• [Task to carry out] Output, exactly and in full, only the lines from the one containing "Giroletto a Molle" to the last line of the data. Pictures should not appear.

• [Available data]
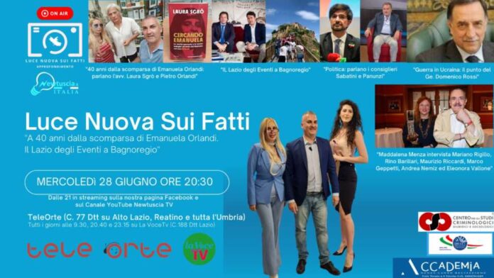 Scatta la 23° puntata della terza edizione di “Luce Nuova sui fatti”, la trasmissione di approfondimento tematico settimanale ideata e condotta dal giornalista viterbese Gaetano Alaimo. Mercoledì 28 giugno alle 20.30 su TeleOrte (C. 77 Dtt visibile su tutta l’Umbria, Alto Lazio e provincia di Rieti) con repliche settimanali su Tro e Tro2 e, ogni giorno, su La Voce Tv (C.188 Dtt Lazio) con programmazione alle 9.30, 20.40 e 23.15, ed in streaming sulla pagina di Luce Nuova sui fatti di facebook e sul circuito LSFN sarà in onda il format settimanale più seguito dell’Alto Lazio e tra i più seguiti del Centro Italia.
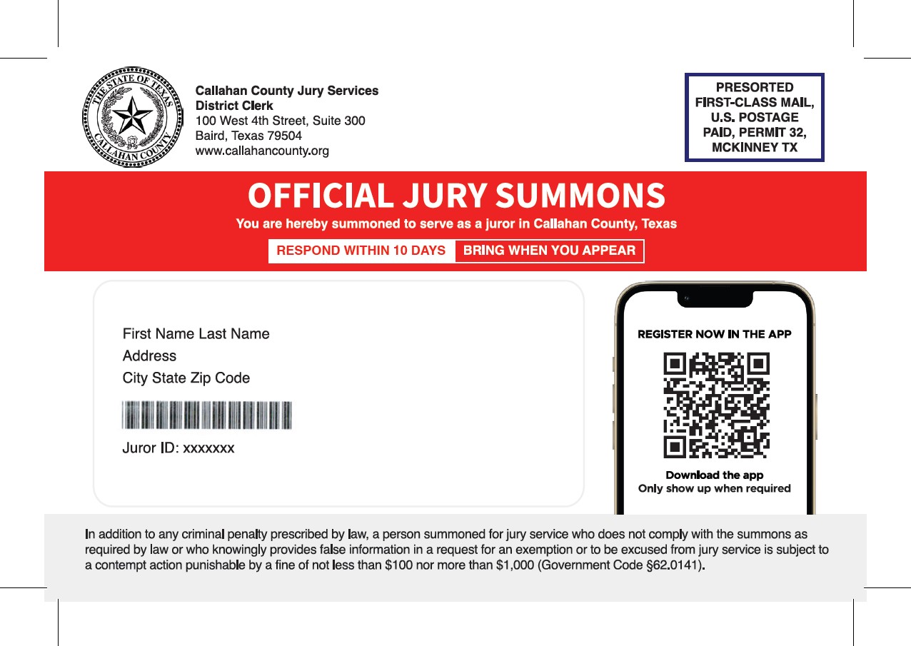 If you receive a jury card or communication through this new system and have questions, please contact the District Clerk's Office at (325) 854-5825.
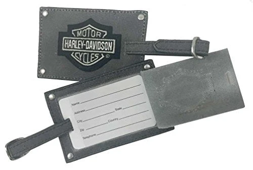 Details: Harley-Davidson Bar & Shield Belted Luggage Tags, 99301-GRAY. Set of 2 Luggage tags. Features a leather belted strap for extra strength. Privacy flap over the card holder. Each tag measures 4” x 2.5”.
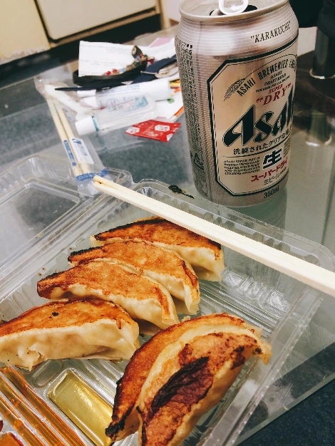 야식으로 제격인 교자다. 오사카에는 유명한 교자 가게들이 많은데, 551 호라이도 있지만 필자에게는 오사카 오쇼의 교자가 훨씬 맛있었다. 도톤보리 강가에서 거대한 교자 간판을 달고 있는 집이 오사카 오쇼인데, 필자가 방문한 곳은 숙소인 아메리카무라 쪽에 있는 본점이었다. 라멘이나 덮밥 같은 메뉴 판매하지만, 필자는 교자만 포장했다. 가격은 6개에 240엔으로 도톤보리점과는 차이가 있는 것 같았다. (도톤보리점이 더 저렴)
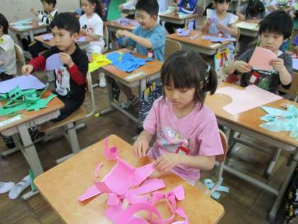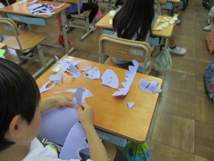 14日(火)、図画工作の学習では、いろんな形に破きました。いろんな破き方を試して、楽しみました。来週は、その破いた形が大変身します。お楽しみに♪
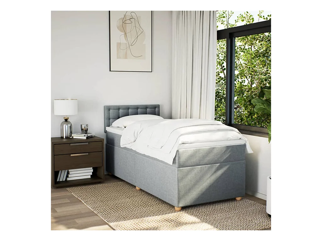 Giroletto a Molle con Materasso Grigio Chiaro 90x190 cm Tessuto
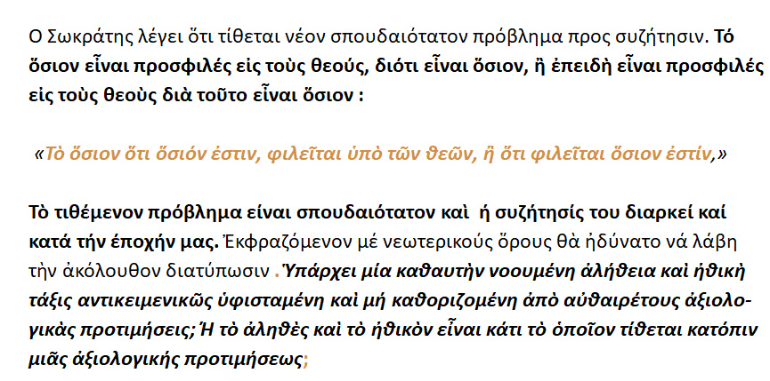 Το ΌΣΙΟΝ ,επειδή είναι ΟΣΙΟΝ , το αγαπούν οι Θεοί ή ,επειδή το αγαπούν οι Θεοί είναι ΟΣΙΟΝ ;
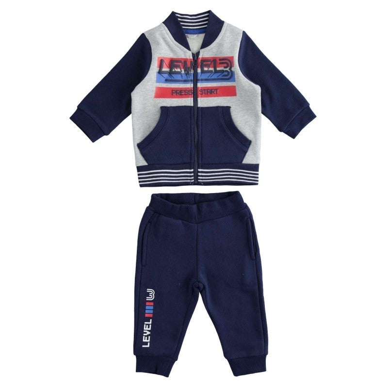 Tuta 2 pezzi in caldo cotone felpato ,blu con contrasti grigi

• [The completed task]
 Giroletto a Molle con Materasso Grigio Chiaro 90x190 cm Tessuto
 Το ΌΣΙΟΝ ,επειδή είναι ΟΣΙΟΝ , το αγαπούν οι Θεοί ή ,επειδή το αγαπούν οι Θεοί είναι ΟΣΙΟΝ ;
 Tuta 2 pezzi in caldo cotone felpato ,blu con contrasti grigi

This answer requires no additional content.